Activity :: From the data that follows, set down exactly the lines from the one with "Modern und feminin: Midikleid" through the one with "七下地理 9.2欧洲西部(填", counting both. Pictures stay out.

Records for the exercise ::
- - -
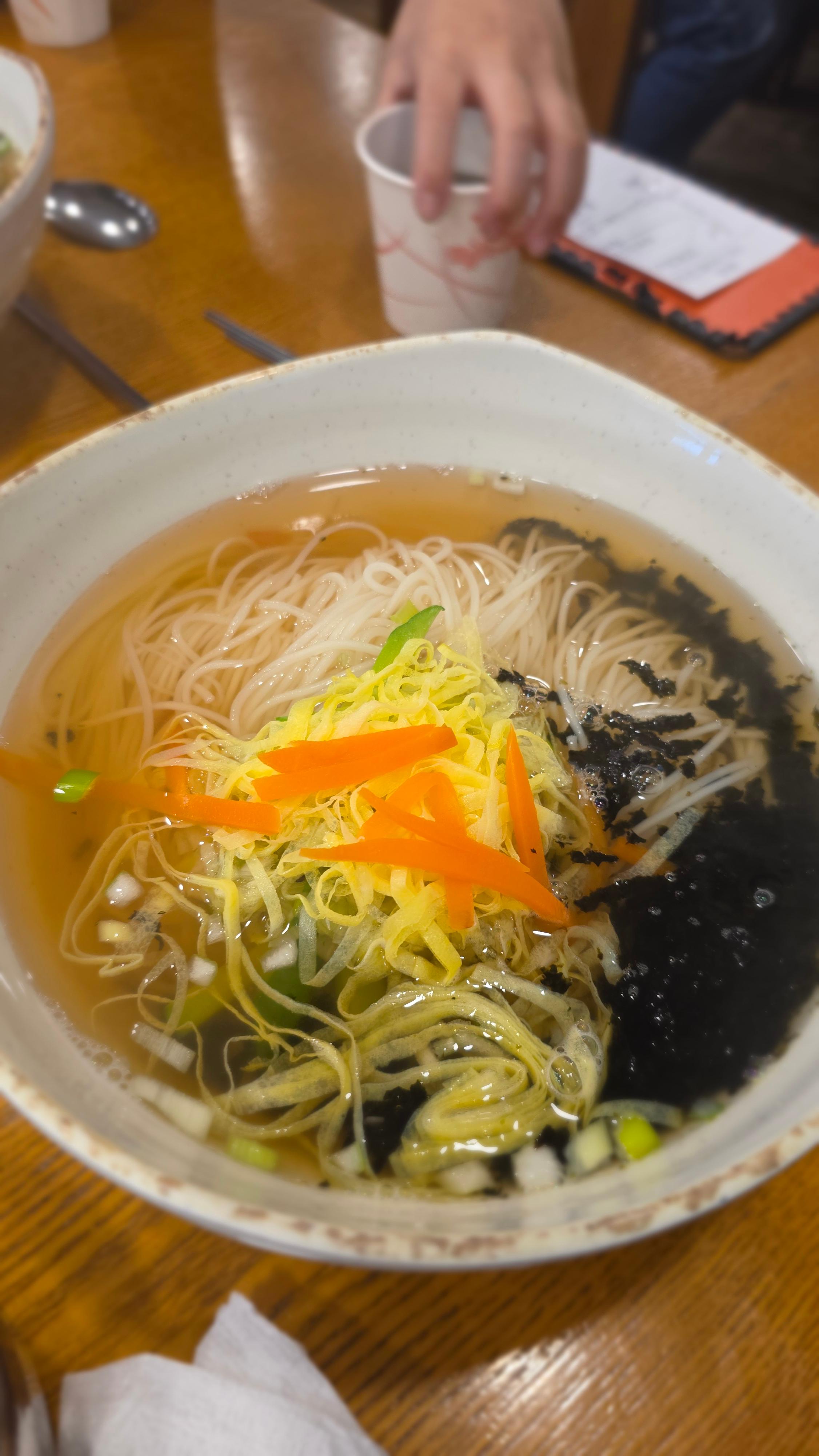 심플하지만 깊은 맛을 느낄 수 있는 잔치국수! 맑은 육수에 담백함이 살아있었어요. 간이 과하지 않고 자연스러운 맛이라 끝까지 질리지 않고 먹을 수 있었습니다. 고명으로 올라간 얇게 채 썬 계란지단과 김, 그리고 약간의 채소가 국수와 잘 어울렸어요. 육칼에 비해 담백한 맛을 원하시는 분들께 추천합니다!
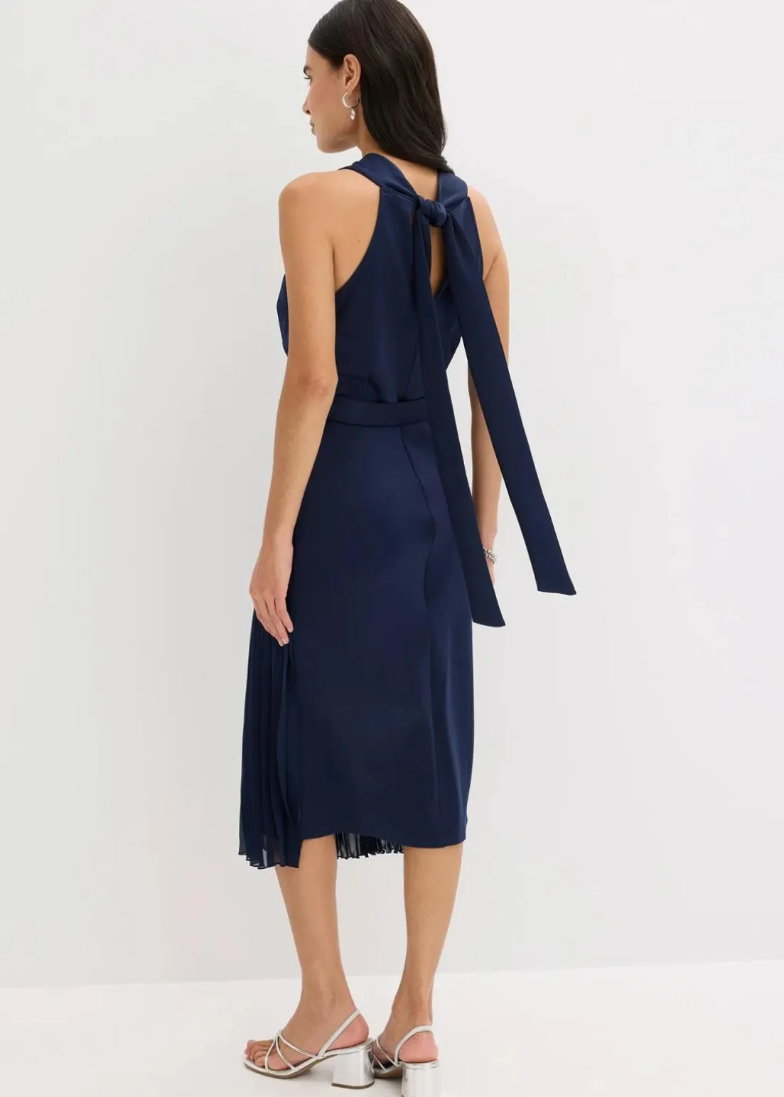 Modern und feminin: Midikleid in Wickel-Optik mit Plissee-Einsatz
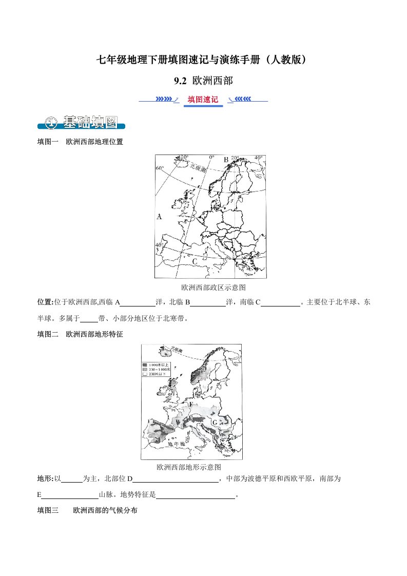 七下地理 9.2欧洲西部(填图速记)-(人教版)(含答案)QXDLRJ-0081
- - -
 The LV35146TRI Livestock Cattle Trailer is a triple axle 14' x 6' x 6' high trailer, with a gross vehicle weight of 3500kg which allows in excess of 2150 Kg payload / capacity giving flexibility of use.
- - -
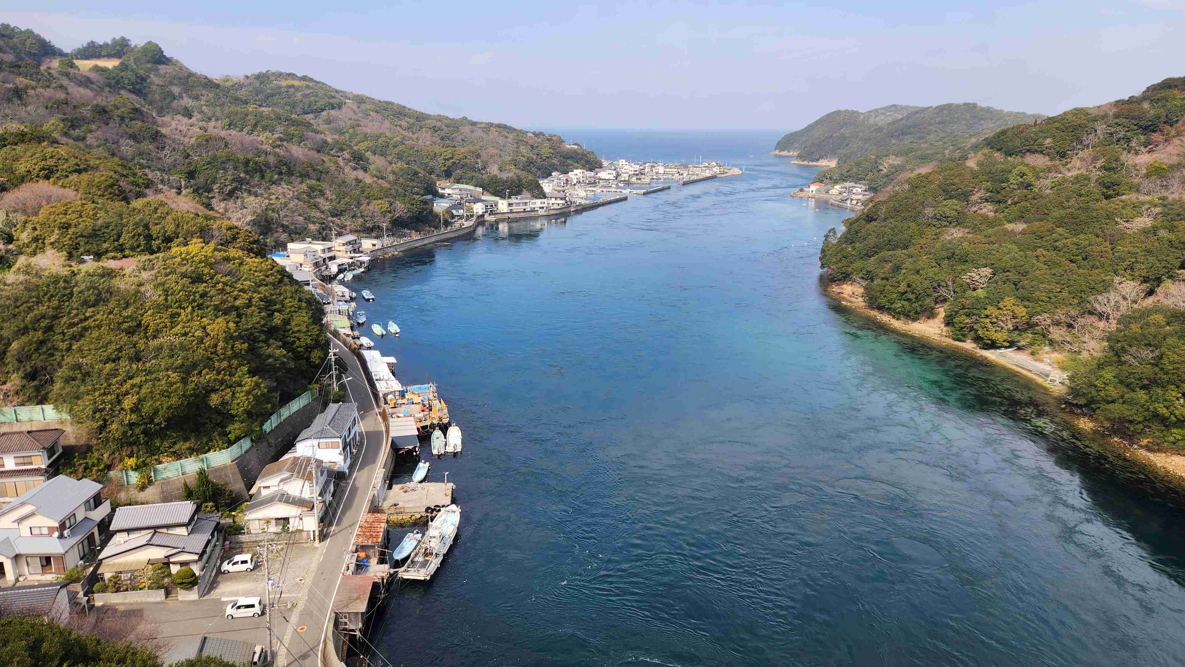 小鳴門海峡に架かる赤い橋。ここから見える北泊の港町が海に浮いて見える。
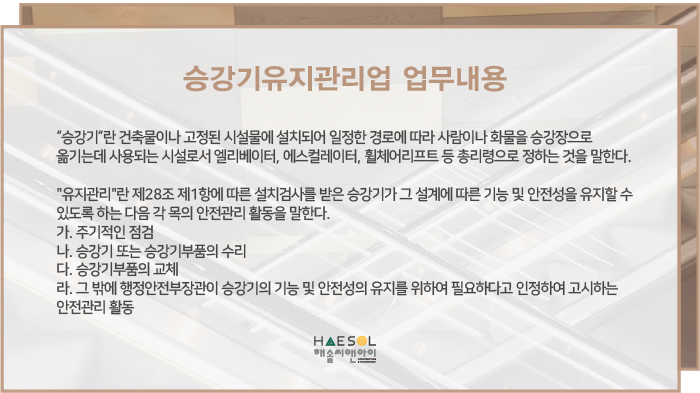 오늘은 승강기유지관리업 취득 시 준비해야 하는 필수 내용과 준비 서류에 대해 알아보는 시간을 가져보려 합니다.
- - -
The answer ::
 Modern und feminin: Midikleid in Wickel-Optik mit Plissee-Einsatz
 七下地理 9.2欧洲西部(填图速记)-(人教版)(含答案)QXDLRJ-0081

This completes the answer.